**Work request:** Could you write out every record below exactly, leaving out any pictures?

Dataset items:
•••••
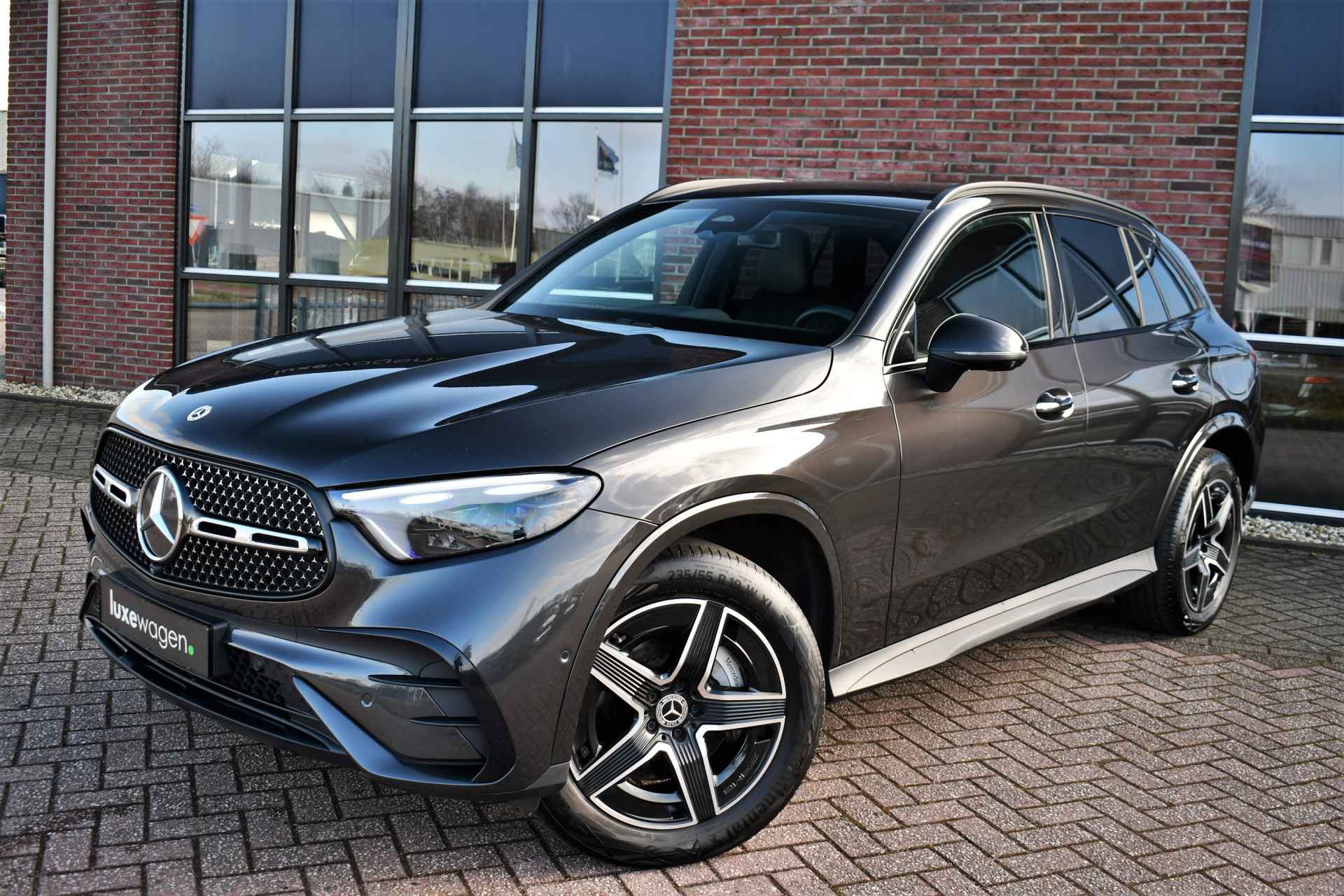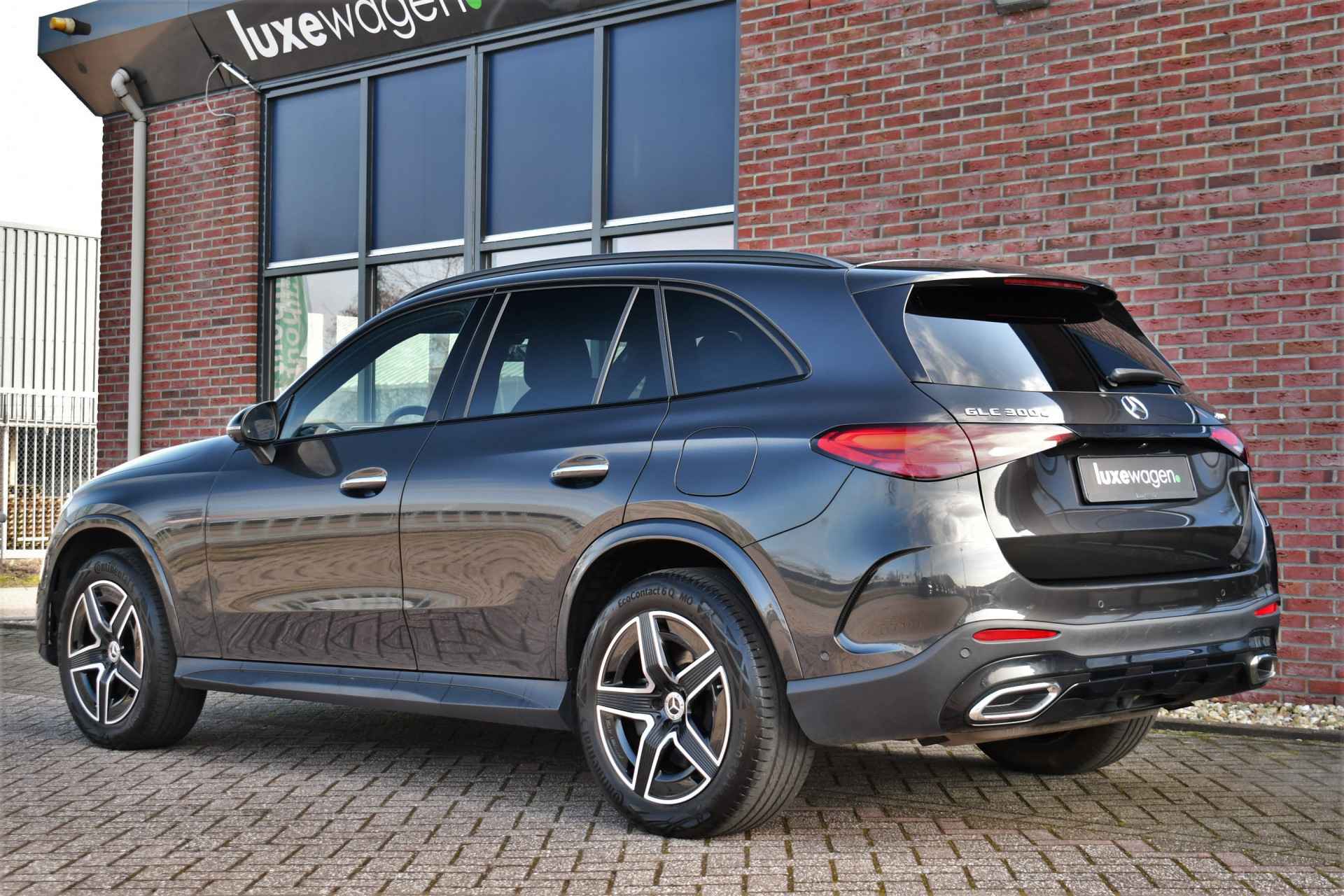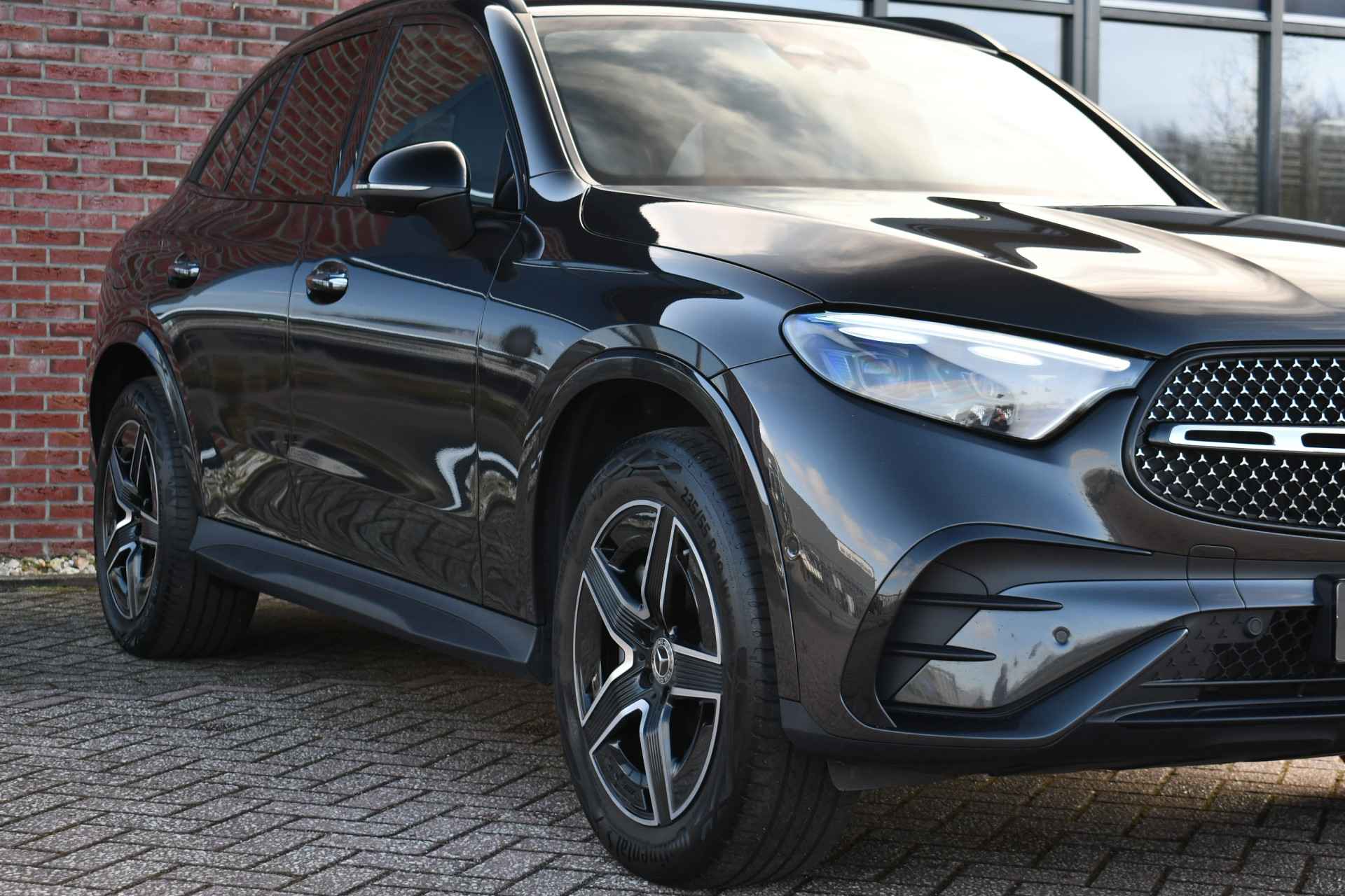 Zeer volle GLC 300e van het nieuwste model! Compleet met: AMG interieur en exterieur, Night pakket, Premium pakket (stoelen met geheugen en massage, matrix-LED, 360 camera, keyless entry), Rij-assistentie pakket (adaptieve cruise Distronic, rijstrooksensor en dodehoek detectie), elektrische trekhaak (2000kg trekken), lederen dashboard, etc! Keurig dealer onderhouden en een SOH van 94%.
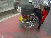 原来,该摩托车牌照上方吊着一根长约30cm,宽约10cm的带子,从储物箱的位置垂下来,将牌照挡住。更神的是,带子的下方连了一根不太明显的线,这根线顺着车身连到油箱右侧的位置,驾驶员可以通过用手拉线来控制带子的收放,进而达到遮挡号牌的目的。
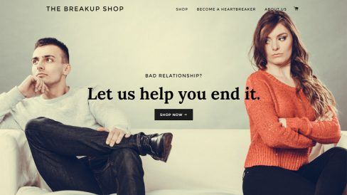 Lançado este mês, o Breakup Shop é um serviço online que você pode contratar para que terminem o seu namoro em seu nome. Você pode escolher entre mandar um email ou SMS padronizado, que custam ambos US$ 10, uma ligação, que custa 29 ou 39 dólares (dependendo da urgência) ou uma carta, que custa 20 ou 30 dólare (se for personalizada).
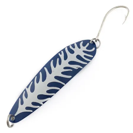 Ein Gewicht von 1/4 oz (8 g) macht diesen schlanken Blinker zu einer vielseitigen Wahl für Angler, die es auf Raubfische abgesehen haben, die sich auf kleinere Beutefische spezialisiert haben. Mit einer Länge von 3 1/2" (9 cm) ist der Hookster Totem #4 ein klassisches Beispiel amerikanischer Köderbaukunst aus dem Hause Producers. Das Dekor ist besonders auffällig und besteht aus einer tiefblauen Grundierung, die mit einem silbernen Skelettmuster überzogen ist, welches kräftig und scharf erhalten geblieben ist. Dieses spezielle Exemplar mit dem Produktcode 23108 befindet sich in einem hervorragenden Originalzustand (Bewertung 5/5) mit bestens erhaltenen Lackflächen und einem glänzenden, großen Einzelhaken am Ende. Die Rückseite des Köders bietet eine kontrastierende, mattsilberne Oberfläche, während die stabilen Sprengringe an beiden Enden sofort einsatzbereit sind. Sein schmales, leicht geschwungenes Profil ist ein Markenzeichen der Totem-Serie und wurde für präzises Werfen und Einholen entwickelt.
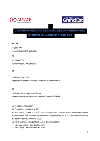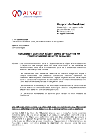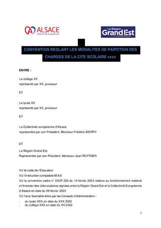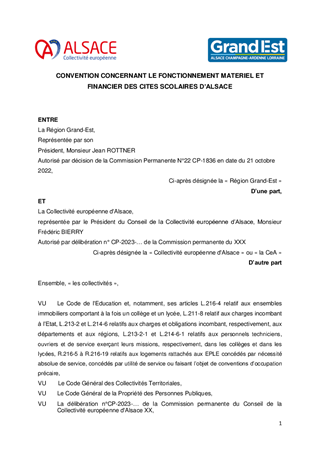 Une convention intervient entre le Département et la Région afin de déterminer la répartition des charges entre les deux collectivités et les modalités de fonctionnement entre deux établissements pour les 5 ensembles immobiliers reconnus en tant que cité scolaire. Ces conventions vont permettre l’exercice du contrôle budgétaire propre à chaque collectivités. Les présentes conventions précisent également les conditions dans lesquelles interviennent l’équipe d’agents relevant de la Région ou de la Collectivité européenne d’Alsace dans cet ensemble immobilier scolaire. Leurs applications sont prévues au 1er janvier 2023. Ces conventions n’abordent pas les modalités d’intervention des collectivités en matière de travaux immobiliers et de numérique. Ces deux compétences sont en effet traitées dans des conventions spécifiques. La Commission Permanente est sollicitée pour valider ces deux modèles de convention.
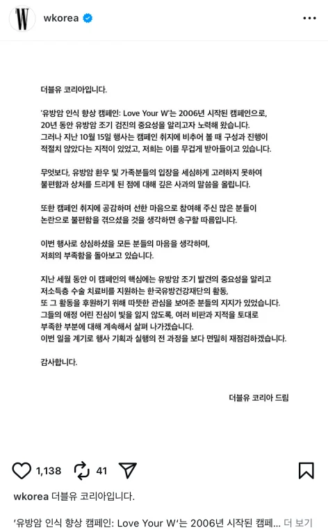 イベントから4日経った19日、謝罪文を発表。「W Korea」は「キャンペーン趣旨に照らしてみると構成と進行が適切でなかったという指摘を重く受け止めている」とし、「乳がん患者と家族の方々の立場を細心に考慮できず不便と傷を与えた点」「キャンペーン趣旨に共感し善良な心で参加して下さった多くの方々」に申し訳ないと伝えました。
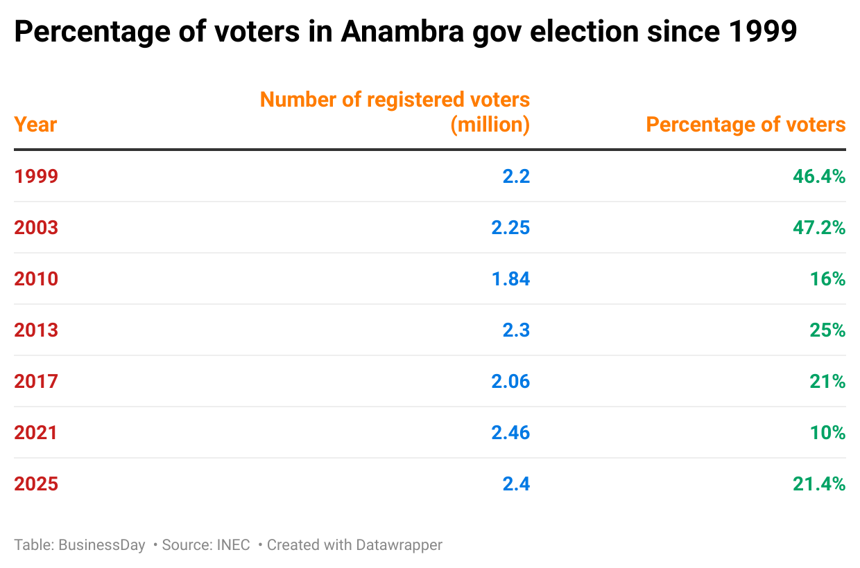 Upon the return to democratic rule in 1999, Anambra State has consistently recorded low voter participation in gubernatorial elections.
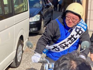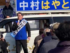 中村氏の選挙活動は、バイクで選挙区内を駆け巡り、こまめに演説会を開くというもので、「選挙に強い無敗の男」と言われた父親の中村喜四郎氏と似たスタイルで、支持を訴えています。
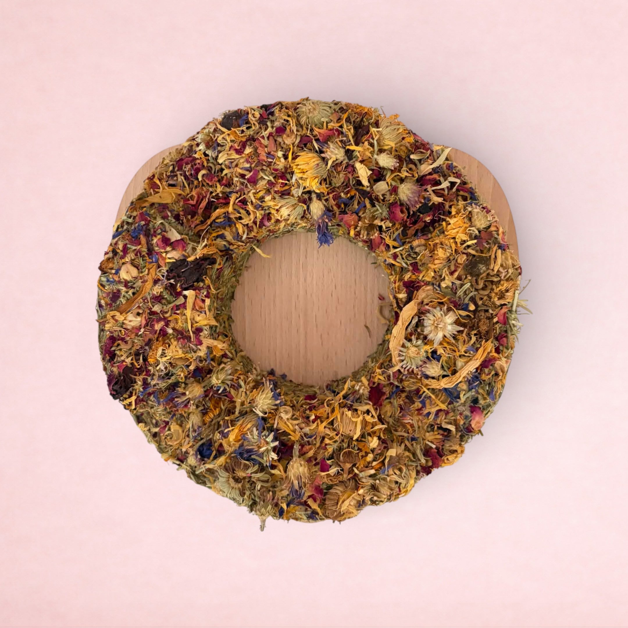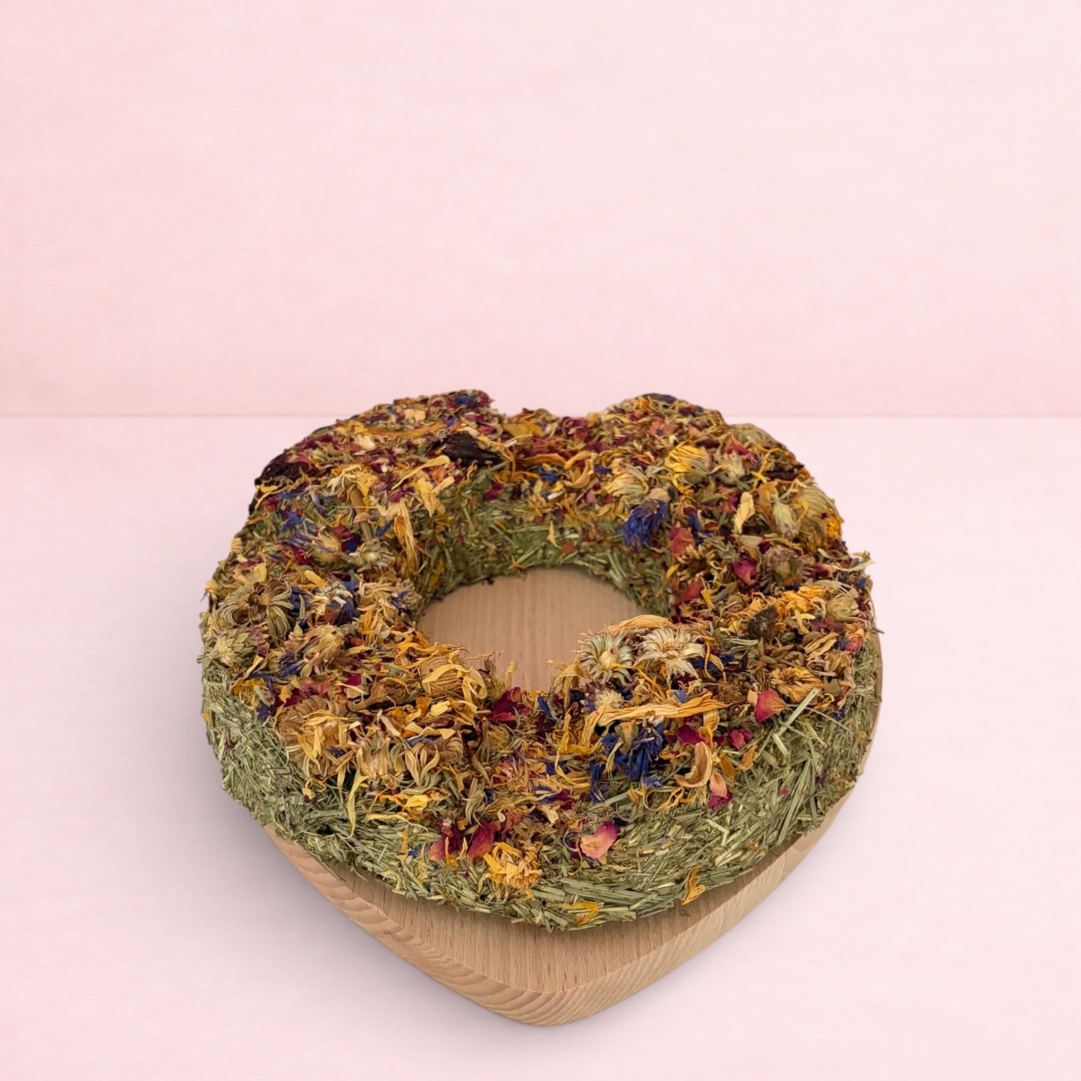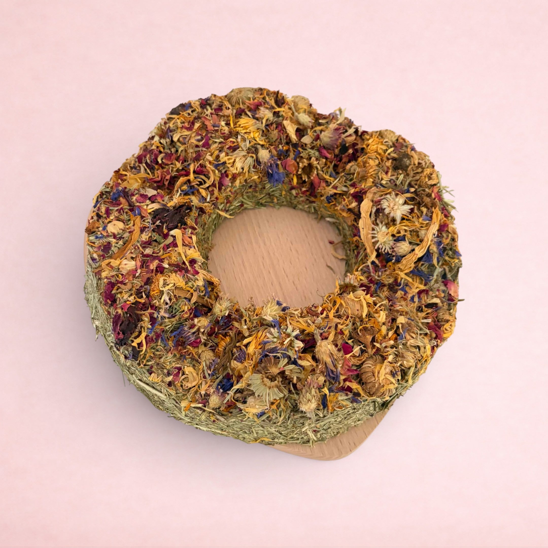Great for sharing, this round dried grass hoop with Flower Petals is a complementary, fun daily treat to help promote foraging and teeth health. Made from delicious hay, with marigold, rose petals, cornflowers and sunflowers, suitable for small animals.
•••••
**Result:**
 Zeer volle GLC 300e van het nieuwste model! Compleet met: AMG interieur en exterieur, Night pakket, Premium pakket (stoelen met geheugen en massage, matrix-LED, 360 camera, keyless entry), Rij-assistentie pakket (adaptieve cruise Distronic, rijstrooksensor en dodehoek detectie), elektrische trekhaak (2000kg trekken), lederen dashboard, etc! Keurig dealer onderhouden en een SOH van 94%.
 原来,该摩托车牌照上方吊着一根长约30cm,宽约10cm的带子,从储物箱的位置垂下来,将牌照挡住。更神的是,带子的下方连了一根不太明显的线,这根线顺着车身连到油箱右侧的位置,驾驶员可以通过用手拉线来控制带子的收放,进而达到遮挡号牌的目的。
 Lançado este mês, o Breakup Shop é um serviço online que você pode contratar para que terminem o seu namoro em seu nome. Você pode escolher entre mandar um email ou SMS padronizado, que custam ambos US$ 10, uma ligação, que custa 29 ou 39 dólares (dependendo da urgência) ou uma carta, que custa 20 ou 30 dólare (se for personalizada).
 Ein Gewicht von 1/4 oz (8 g) macht diesen schlanken Blinker zu einer vielseitigen Wahl für Angler, die es auf Raubfische abgesehen haben, die sich auf kleinere Beutefische spezialisiert haben. Mit einer Länge von 3 1/2" (9 cm) ist der Hookster Totem #4 ein klassisches Beispiel amerikanischer Köderbaukunst aus dem Hause Producers. Das Dekor ist besonders auffällig und besteht aus einer tiefblauen Grundierung, die mit einem silbernen Skelettmuster überzogen ist, welches kräftig und scharf erhalten geblieben ist. Dieses spezielle Exemplar mit dem Produktcode 23108 befindet sich in einem hervorragenden Originalzustand (Bewertung 5/5) mit bestens erhaltenen Lackflächen und einem glänzenden, großen Einzelhaken am Ende. Die Rückseite des Köders bietet eine kontrastierende, mattsilberne Oberfläche, während die stabilen Sprengringe an beiden Enden sofort einsatzbereit sind. Sein schmales, leicht geschwungenes Profil ist ein Markenzeichen der Totem-Serie und wurde für präzises Werfen und Einholen entwickelt.
 Une convention intervient entre le Département et la Région afin de déterminer la répartition des charges entre les deux collectivités et les modalités de fonctionnement entre deux établissements pour les 5 ensembles immobiliers reconnus en tant que cité scolaire. Ces conventions vont permettre l’exercice du contrôle budgétaire propre à chaque collectivités. Les présentes conventions précisent également les conditions dans lesquelles interviennent l’équipe d’agents relevant de la Région ou de la Collectivité européenne d’Alsace dans cet ensemble immobilier scolaire. Leurs applications sont prévues au 1er janvier 2023. Ces conventions n’abordent pas les modalités d’intervention des collectivités en matière de travaux immobiliers et de numérique. Ces deux compétences sont en effet traitées dans des conventions spécifiques. La Commission Permanente est sollicitée pour valider ces deux modèles de convention.
 イベントから4日経った19日、謝罪文を発表。「W Korea」は「キャンペーン趣旨に照らしてみると構成と進行が適切でなかったという指摘を重く受け止めている」とし、「乳がん患者と家族の方々の立場を細心に考慮できず不便と傷を与えた点」「キャンペーン趣旨に共感し善良な心で参加して下さった多くの方々」に申し訳ないと伝えました。
 Upon the return to democratic rule in 1999, Anambra State has consistently recorded low voter participation in gubernatorial elections.
 中村氏の選挙活動は、バイクで選挙区内を駆け巡り、こまめに演説会を開くというもので、「選挙に強い無敗の男」と言われた父親の中村喜四郎氏と似たスタイルで、支持を訴えています。
Great for sharing, this round dried grass hoop with Flower Petals is a complementary, fun daily treat to help promote foraging and teeth health. Made from delicious hay, with marigold, rose petals, cornflowers and sunflowers, suitable for small animals.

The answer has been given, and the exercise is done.